QUESTION: Given that a substantial proportion of present-day violent confrontations around the globe involve extremist elements of Islam against Western forces, and given that an orthodox reading and adherence to the Qur'an dictates an intolerant liquidation of the so-called infidel, can the West ever succeed in only affecting policies directed solely toward the majority Islamic moderate regimes, often suppressive and corrupt?
ADAM ROBERTS: I think we agree, for starters—correct me if I'm wrong—that Islam is a house with many mansions, as it were. There are many strands within Islam. Certain extremist interpretations of Islam that have flourished in recent years are far from representing a mainstream course in Islam. So the question is how best they are countered, and by implication, is there a role for, as it were, civic political action in that?
Now, there have been a number of very interesting cases in the Islamic world of uses of non-violent forms of political action. In fact, years ago, I remember meeting that wonderful figure, the Pathan Khan Abdul Ghaffar Khan, who was known as "the frontier Gandhi." He was a colleague of Gandhi's who mobilized the Pathans in the North-West Frontier Province of what is now Pakistan, then British India, against British rule. So that can happen.
Some Islamic societies have seen powerful civic movements. For example, in Algiers, in the summer of 1962, I think it was, after the end of the FLN [National Liberation Front] war, there was an internecine war between different Algerian factions, and a big popular movement, with the simple slogan "No more bloodshed," sprang up and organized huge demonstrations in Algiers and shamed the combatants into reaching a deal. So it can happen.
I am the last person to say that the means of combating al-Qaeda-type violence is exclusively through civil resistance. I'm absolutely not a one-solutioner. I think a variety of methods, including tough state police methods, are needed to cope with what is a very serious problem.
I don't feel that answers all aspects of your, as it were, multifaceted question, so come back to me if you think there is a call that I have failed to address. I have tried to give a flavor of what I think is actually, most importantly, a struggle—and you implied this—within the Islamic world.

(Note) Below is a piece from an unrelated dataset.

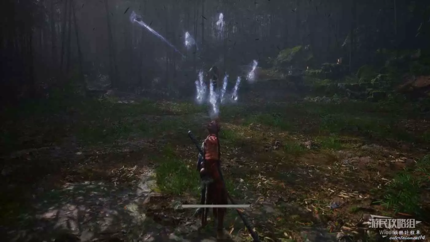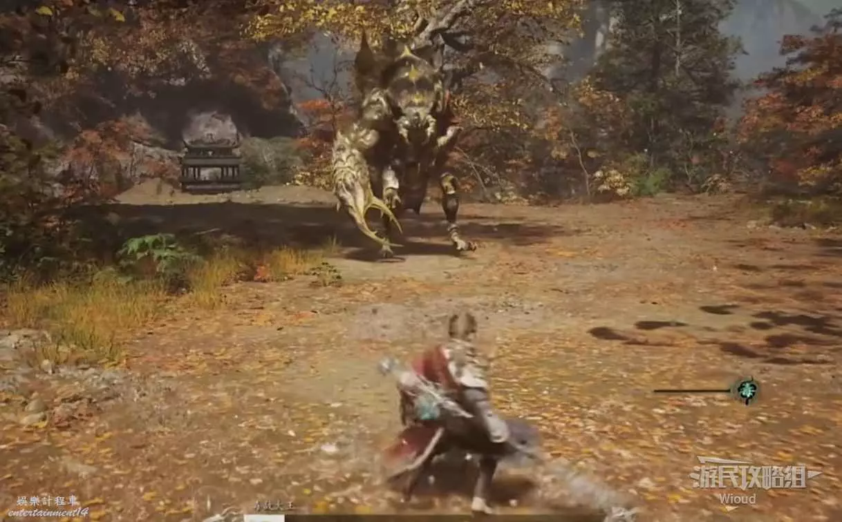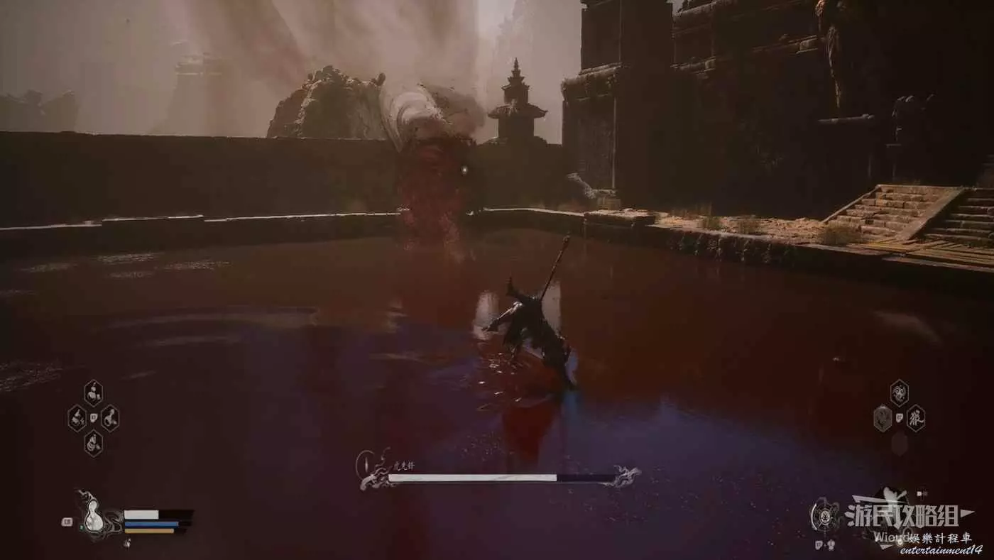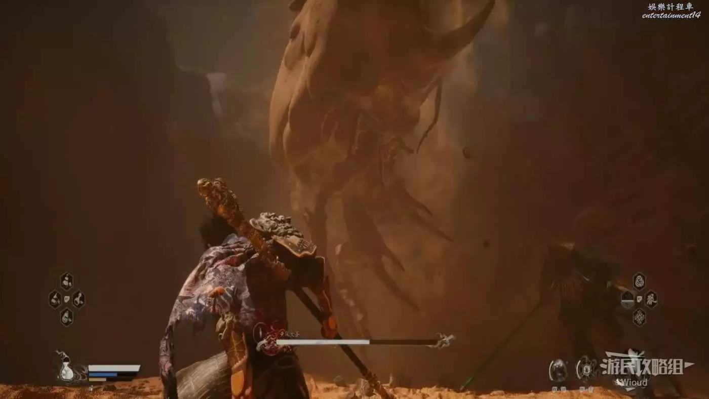 這個BOSS主要難度在於大量的敵人,直接使用【身外身法】召喚猴子猴孫去戰鬥,把小怪清了,BOSS難度支線降低,靠近他想辦法躲開他向下劈砍的攻擊即可。

QUESTION: To what extent are dictatorial regimes ultimately brought down by the loss of support among the middle class? You touched upon this. But quite often this middle class, disaffected business and other professional people, is then overtaken by more ideologically motivated groups.
How does this differ from what happened, let's say, in ideologically committed regimes such as Eastern Europe? You have a different kind of civil disobedience that produces different results. One, the revolution can be hijacked by the ideologically motivated groups. The other is, when those groups are already in power, you have a different kind of resistance from different kinds of people.

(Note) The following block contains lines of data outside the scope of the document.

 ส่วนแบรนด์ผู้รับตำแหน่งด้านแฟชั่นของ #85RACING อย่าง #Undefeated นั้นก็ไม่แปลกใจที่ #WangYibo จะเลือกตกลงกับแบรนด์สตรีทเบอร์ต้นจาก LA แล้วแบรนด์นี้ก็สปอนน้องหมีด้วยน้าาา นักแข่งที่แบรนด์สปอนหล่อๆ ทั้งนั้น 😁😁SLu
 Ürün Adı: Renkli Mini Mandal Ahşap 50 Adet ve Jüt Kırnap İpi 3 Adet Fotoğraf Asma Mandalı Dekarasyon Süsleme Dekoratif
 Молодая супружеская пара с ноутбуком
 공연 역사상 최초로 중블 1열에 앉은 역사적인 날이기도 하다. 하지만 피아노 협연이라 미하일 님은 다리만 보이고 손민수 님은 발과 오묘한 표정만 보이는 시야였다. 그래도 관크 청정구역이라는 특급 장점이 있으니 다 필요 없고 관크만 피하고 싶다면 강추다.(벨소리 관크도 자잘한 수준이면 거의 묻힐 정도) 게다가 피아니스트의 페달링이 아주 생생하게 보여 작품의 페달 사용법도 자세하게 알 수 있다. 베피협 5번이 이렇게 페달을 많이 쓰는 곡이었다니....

Can you just make that difference?
ADAM ROBERTS: It's—you're right—certainly an ancient problem that revolutions tend to get hijacked by extremists who know exactly where they are going. The great problem most of us have in life who are not extremists is that we represent a soggy middle that doesn't always know exactly where it's going. There is a Darwinian advantage in politics, sadly, to the loonies who know where they are going.

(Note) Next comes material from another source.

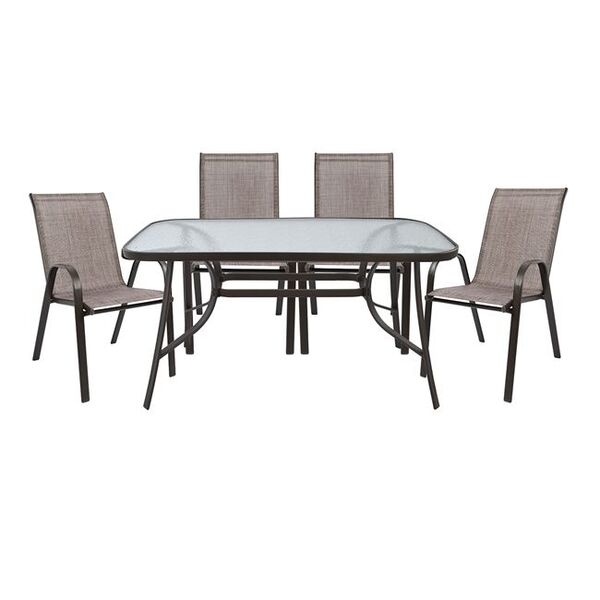 ΤΟ ΣΕΤ ΠΕΡΙΛΑΜΒΑΝΕΙ Ένα τραπέζι μεταλλικό εξωτερικού χώρου σε χρώμα καφέ, με ενσωματωμένο τζάμι ασφαλείας (secure). Διαστ. Τραπεζιού: 140x80x72 εκ. Τέσσερις πολυθρόνες εξωτερικού χώρου από μεταλλικό σκελετό σε καφέ χρώμα με textline 2x1 μεγάλης αντοχής σε ήλιο και βροχή. Διαστ. Καρέκλας: 54x70x93 εκ. Ύψος καθίσματος: 43 εκ. Ύψος μπράτσων: 59 εκ.

Yet I think it is a great triumph of international communism that it has succeeded in producing in many countries a middle class. It's not exactly Karl Marx's original intention. But the emphasis on education in communist societies did produce a middle class that in due turn was disenchanted with the grotesque simplicities of the doctrines of their rulers. There's something to be said about communism that it contained the seeds of its own destruction within it, rather more certainly than the capitalism which Karl Marx was opposing. So there is that factor.
But what was striking about the revolutions in Eastern Europe, and was most explicit in the case of Poland, was that they were absolutely clear that they did not want a revolution to become dominated by a Leninist vanguard, that they were aiming not at a new government that knew exactly where it was going, but they were aiming to return Poland to a multiparty system. In a sense, they were antirevolutionary revolutionaries. I think that process gives hope.
The snag with the process is that since it was lacking in viciousness and grotesque simplicity, it led to a very soft landing for former communists. This leaves us with a political problem that we have to this day: The whole period of 1970 to 1989 was a struggle which achieved this historic impossibility of the defeat of the communist regime—and at great personal cost to the workers of Gdansk—and now they find that they are unemployed, the shipyards are being shut, and the former communist rulers are living in magnificent dachas not far away, with tons of girlfriends and God knows what. It's pretty rough.
But that's being called the price of velvet. Frankly, I think that price has been worth paying. Of course, there are possible ways of dealing with that awful aftereffect of velvet revolutions—all sorts of possibilities of truth commissions. There have been some individual cases of trials and so on. But I think the overwhelming, as it were, nature of the process in Eastern Europe was one of giving us a new kind of revolution, which is a revolution in favor of normality and not in favor of utopia.
QUESTION: May I follow up and ask you to apply your insights into Latin America, the wave of democracy, in parallel with Eastern Europe and with Portugal, and getting rid of dictators? We know it's multifaceted. What are some of the major causes?
ADAM ROBERTS: We spent a lot of time in our project discussing how to cover this great process of change in Latin America, and in particular, discussing which individual country cases would be most appropriate for exploration, granted the themes of our research project, which are civil resistance and power politics. We settled, in the end, on the case of Chile and the opposition to Pinochet.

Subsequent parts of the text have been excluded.